Tag Archive | Tropaeum Augusti

Hercules on the edge

Some thoughts about the structure immediately above, thoughts that I’ve needed to have, then park while I crack on with other, more urgent things.

You are looking at the Tropaeum Alpium, Trophy of the Alps, or Tropaeum Augusti, Trophy of Augustus, in La Turbie (which takes its name from it), a town on a rise above Monaco in the South of France. However we choose to call it, this monument is certainly concerned with both the Alps and the emperor Augustus. What interests me about it, though, is that it is also concerned, albeit more obliquely, with the hero Hercules, on whom one day I shall assuredly write A BOOK.

Unless I don’t.

The first thing to appreciate about the Tropaeum Alpium is that, while it was dedicated by the Senate and People of Rome in 7/6BC, what you you see in La Turbie today is really a confection dating back just a century. The Middle Ages were not kind to the monument (one story, if anyone reads Provençal, tells how St Honoratus miraculously destroyed it, the fortress of a giant named Apollo, but the reality wasn’t much less dramatic). Shortly before the First World War, and then again from 1929 to 1934, two architects, Jean Camille and Jules Formigé, father and son, undertook a very creative reconstruction, and the result is a landmark which probably tells us as much about French culture in the early decades of the Twentieth Century as it does about Augustus.

There is nevertheless a lot we know about the Trophy, not least the inscription it bore, which was recorded by Pliny the Elder in his Natural History (3.136-7) and explained that the monument marked the conquest of the Alps by the emperor Augustus a mari supero ad inferum, from the higher to the lower sea, i.e. from the Adriatic to the Tyrrhenian Sea. All the Alpine tribes conquered by Augustus and his lieutenants were listed, the message being that the Alpine borderlands of Italy were now thoroughly pacified.

Image from the Museum of the Tropaeum Alpium showing the location of all the defeated peoples listed on the monument.
The red line marks the route of roads closely associated with the Tropaeum.

We’ll come back to Pliny, because his record of the Tropaeum is interestingly located within his own text. But what I’m most concerned with is the meaningful association established by Sophie Binninger (all citations are at the bottom) between this monument celebrating Augustus on the heights above Monaco and the hero/god Hercules — who was so important to Monaco that he seems to have given his name to the place.

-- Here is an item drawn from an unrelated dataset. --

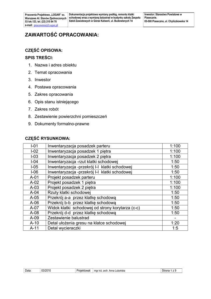 Pracownia Projektowa „LOGAR” sc. Dokumentacja projektowa wymiany podłóg, remontu klatki Warszawa Al. Stanów Zjednoczonych schodowej wraz z wymianą balustrad w budynku szkoły Zespołu Szkół Zawodowych w Górze Kalwarii, ul. Budowlanych 14 53 lok.123, tel. (22) 215 84 70 e-mail: [email protected] Inwestor: Starostwo Powiatowe w Piasecznie. 05-500 Piaseczno, ul. Chyliczkowska 14 ZAWARTOŚĆ OPRACOWANIA: CZĘŚĆ OPISOWA: SPIS TREŚCI: 1. Nazwa i adres obiektu 2. Temat opracowania 3. Inwestor 4. Postawa opracowania 5. Zakres opracowania 6. Opis stanu istniejącego 7. Zakres robót 8. Zestawienie powierzchni pomieszczeń 9. Dokumenty formalno-prawne CZĘŚĆ RYSUNKOWA: I-01 I-02 I-03 I-04 I-05 I-06 A-01 A-02 A-03 A-04 A-05 A-06 A-07 A-08 A-09 A-10 A-11 Data: Inwentaryzacja posadzek parteru Inwentaryzacja posadzek 1 piętra Inwentaryzacja posadzek 2 piętra Inwentaryzacja -rzut klatki schodowej Inwentaryzacja -przekrój I-I klatki schodowej Inwentaryzacja -przekrój I-I klatki schodowej Projekt posadzek parteru Projekt posadzek 1 piętra Projekt posadzek 2 piętra Rzuty klatki schodowej Przekrój a-a przez klatkę schodową Przekrój b-b przez klatkę schodową Widok klatki schodowej od strony korytarza (c-c) Przekrój d-d przez klatkę schodową Zestawienie balustrad Detal ułożenia gresu na klatce schodowej Detal wycieraczki 03/2010 Projektował: mgr inŜ. arch. Anna Lubońska 1:100 1:100 1:100 1:50 1:50 1:50 1:100 1:100 1:100 1:50 1:50 1:50 1:50 1:50 1:20 1:5 Strona 1 z 9 Pracownia Projektowa „LOGAR” sc. Dokumentacja projektowa wymiany podłóg, remontu klatki Warszawa Al. Stanów Zjednoczonych schodowej wraz z wymianą balustrad w budynku szkoły Zespołu Szkół Zawodowych w Górze Kalwarii, ul. Budowlanych 14 53 lok.123, tel. (22) 215 84 70 e-mail: [email protected] Inwestor: Starostwo Powiatowe w Piasecznie. 05-500 Piaseczno, ul. Chyliczkowska 14 1. OPIS: 1. Nazwa i adres obiektu Budynek Zespołu Szkół Zawodowych położony jest przy ul. Budowlanych 14 w Górze Kalwarii 2. Temat opracowania Dokumentacja projektowa wymiany podłóg, remontu klatki schodowej wraz z wymianą balustrad w budynku szkoły Zespołu Szkół Zawodowych w Górze Kalwarii, ul. Budowlanych 14 3. Inwestor Starostwo Powiatowe w Piasecznie, 05-500 Piaseczno ul. Chyliczkowska 14 4. Podstawa opracowania Umowa 10/RIMIII/2010 z dnia 22.02.2010 zawarta pomiędzy Starostwem Powiatowym w Piasecznie, a firmą Logar s. c. 5. Zakres opracowania Opracowanie obejmuje wymianę posadzek w większości pomieszczeń w budynku szkoły na 3 kondygnacjach i remont klatki schodowej wraz z wymiana balustrad. Wszystkie pomieszczenia będące w zakresie opracowania zostały zinwentaryzowane. 6. Opis istniejących pomieszczeń W budynku szkoły większość posadzek pochodzi z lat siedemdziesiątych XX w. W klasach, na korytarzach i 1 piętra posadzki są wykończone płytkami PCV. Jedynie na parterze hall wejściowy i korytarz wykończono płytkami gresowymi 20x20 cm w kolorze szaro-kremowym. Na parterze w szatni i na korytarzu znajdują się otwory rewizyjne instalacji c.o. (do zachowania). Z późniejszego okresu pochodzą nowsze wykładziny typu Tarkett w pomieszczeniach na parterze w części administracyjnej (sekretariat, pokoje: dyrektora, księgowych, kasa itp.) oraz w czytelni i pomieszczeniach biblioteki. Ten sam typ wykładziny został zastosowany również na Data: 03/2010 Projektował: mgr inŜ. arch. Anna Lubońska Strona 2 z 9 Pracownia Projektowa „LOGAR” sc. Dokumentacja projektowa wymiany podłóg, remontu klatki Warszawa Al. Stanów Zjednoczonych schodowej wraz z wymianą balustrad w budynku szkoły Zespołu Szkół Zawodowych w Górze Kalwarii, ul. Budowlanych 14 53 lok.123, tel. (22) 215 84 70 e-mail: [email protected] Inwestor: Starostwo Powiatowe w Piasecznie. 05-500 Piaseczno, ul. Chyliczkowska 14 piętrach w niektórych pomieszczeniach (np. Pracownia budowlana, komputerowa) i pokoju nauczycielskim, czy gabinecie zastępcy Dyrektora. Podłoga w Sali Gimnastycznej na legarach została wykonana stosunkowo niedawno (około 4 lata temu). Z tego powodu należy zachować wykładzina obiektowa gumowa w tym pomieszczeniu. Pomieszczenia zaplecza znajdujące się za Salą Gimnastyczną są położone poniżej poziomu podłogi Sali. Do jednego z nich wejście z Sali Gimnastycznej jest po pochylni. W najgorszym stanie są posadzki w części zaplecza Sali Gimnastycznej. W przebieralniach zostały jeszcze zniszczone posadzki z lastrico. W węzłach sanitarnych przy szatniach podłogi są wykonane z terakoty (do wymiany). Część pomieszczeń zaplecza WF prowizorycznie pokryta jest wykładziną. Jedynie w sali Fitness należy zachować istniejącą niedawno położoną wykładzinę dywanową. Najpóźniej została wykonana posadzka w niektórych pomieszczeniach sanitarnych został tam położony nowa terakota 30x30 cm. W tych pomieszczeniach posadzka nie będzie remontowana. Data: 03/2010 Projektował: mgr inŜ. arch. Anna Lubońska Strona 3 z 9 Pracownia Projektowa „LOGAR” sc. Dokumentacja projektowa wymiany podłóg, remontu klatki Warszawa Al. Stanów Zjednoczonych schodowej wraz z wymianą balustrad w budynku szkoły Zespołu Szkół Zawodowych w Górze Kalwarii, ul. Budowlanych 14 53 lok.123, tel. (22) 215 84 70 e-mail: [email protected] Inwestor: Starostwo Powiatowe w Piasecznie. 05-500 Piaseczno, ul. Chyliczkowska 14 Istniejące posadzki, zwłaszcza z płytek PCV są miejscami zniszczone. W klasach, gdzie wykonano nowa instalacje c.o. są liczne uszkodzenia płytek. We wszystkich pomieszczeniach były pierwotnie cokoły, lub listwy przypodłogowe. Obecnie w wielu miejscach zostały zdemontowane. Poziom istniejących posadzek na jednej kondygnacji jest bardzo różny. Wynika to z niedokładności wykonawczych, jak i zastosowania różnych materiałów przy późniejszych remontach posadzek. W drzwiach pomiędzy pomieszczeniami przylegającymi o różnych rzędnych posadzek zastosowano progi drewniane

We know that the port of Monaco, and apparently the heights above it, were perceived to have a special connection to Hercules. Strabo, for instance, informs us that “the harbour of Monoikos is a mooring-place for only a few, small ships, with a temple of Herakles ‘Monoikos’, as he is known” (4.6.3), while other sources give emphasis to the neighbouring heights. If there was a specific cult site, at any rate, we don’t know where it was. But the connection was established enough for the Hercules worshipped here, under that moody epithet Monoikos (“solitary; who lives alone”), to give the location a name today very familiar to us.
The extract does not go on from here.